My father was front and center
of the Outbreak, in his Raleigh jail cell. The Sheriff went out once a
hale and hearty man, but he walked back through the door a
n animated
corpse. The Bitten lawman couldn't
figure out how to open the cell door, but he clawed at my father through the
bars, moaning. My dad managed to rip the leg off his jail cot and club
the dead sheriff over the head. After fishing the keys from the stilled
body he let himself out, helped himself to the Sheriff's arsenal and tried to
find somewhere safe to hole up until the whole mess blew over.
He never told me why he was in jail in the first place. I don't
think even James ever got up the courage to ask.

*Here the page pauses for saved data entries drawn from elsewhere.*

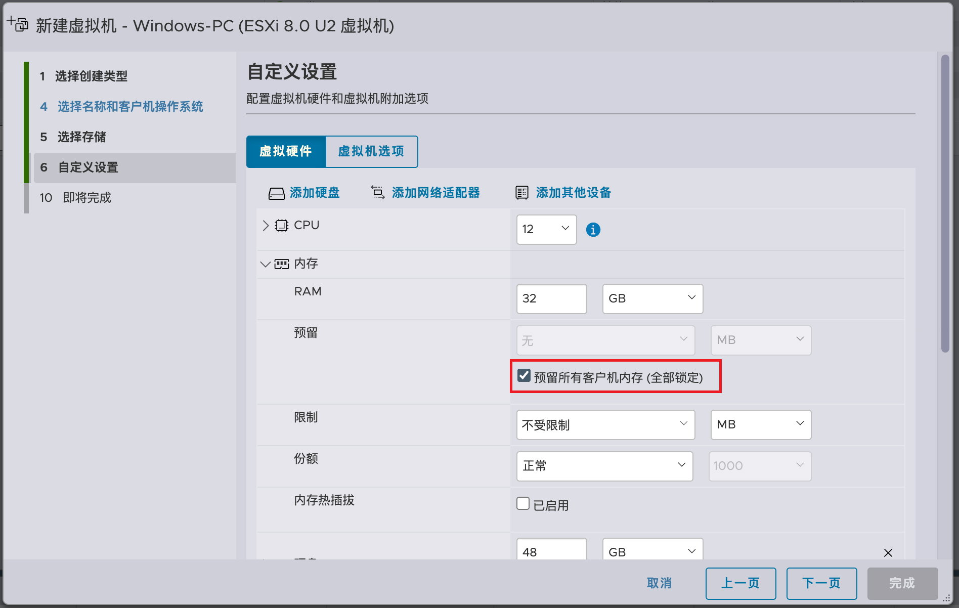 内存 | 32 GB | 16 GB | GPU 直通必须预留全部内存 |
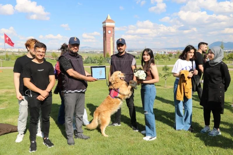 Kayseri’de bir üniversitede düzenlenen bahar şenlikleri programında, İl Jandarma Komutanlığı envanterinde bulunan eğitimli köpekler katılımcılardan beğeni topladı.
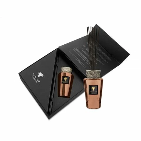 One of the most beautiful collection of scent diffusers is part of the Baobab Collection. The Mini Totem Cyprium Diffuser has a hand-blown bottles, which has a precious copper Lustre. Each one has a hand-glazed ceramic cap, which brings together the colours featured on each bottle. The Mini Totem Cyprium with its precious allure, is a decorative object that will diffuse woody notes of sandalwood.
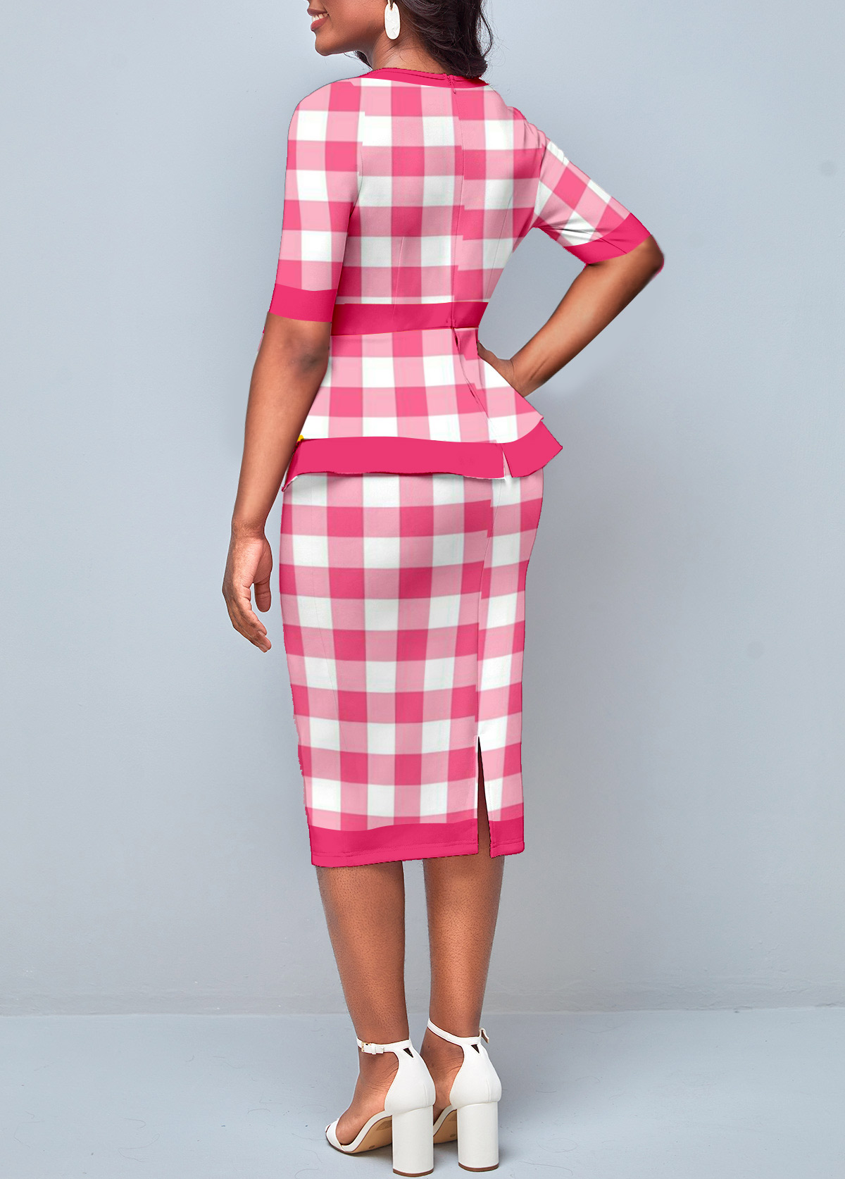 Pink Plaid Round Neck Bodycon Dress

My mother was an intern at the
local hospital, twenty-three and engaged to be married to a slightly younger
medical student named Tom. "Oh, I wonder who you would have been if
Tom hadn't tried to bite my head off," she would sometimes say wistfully,
tousling my hair. Needless to say, the hospital was Ground Zero - anyone
scratched or bitten was taken there, if the transformation was slow enough, and
it provided easy prey in the hundreds - the parasite didn't care if its host
was sick or well, it drove the rotting tissue on regardless. My mother, a
security guard named Previns, two patients and a cafeteria lady that would
later die of a cracked skull in her own bathroom more than twenty years later
were the only ones to get out of the hospital alive. The senior security
guard who had rounded them all up the first place sacrificed his life to set
the hospital generators ablaze, so that by the time Previns led his little
group into the hospital parking lot, the building was a groaning inferno filled
with moaning, sizzling shapes. They had difficulty finding
transportation; the hordes of Bitten were becoming aware of them, and Previns'
shotgun only had so many shells. No one could seem to remember where they
left their cars.
Enter my father, barreling through
in a pickup truck, mowing down the Bitten like weeds. My mother describes
that moment as a revelation. Here was this scraggly convict, one handcuff
bracelet still jangling on his left wrist, complete trash, but somehow he was
far more prepared than any of the brilliant minds who now shuffled burning
through the hospital to deal with an earth-moving crisis. "That's
why I stay with him," she explained once. "That's why I don't
walk out that door and find someone with half a brain, or even some common
decency. Because when it comes down to it, your father walks the
walk. In this world, what he did for us that day in front of the hospital
was far more valuable than any degree or social grace. He was a man of
action, and I stay with him out of respect for that fact."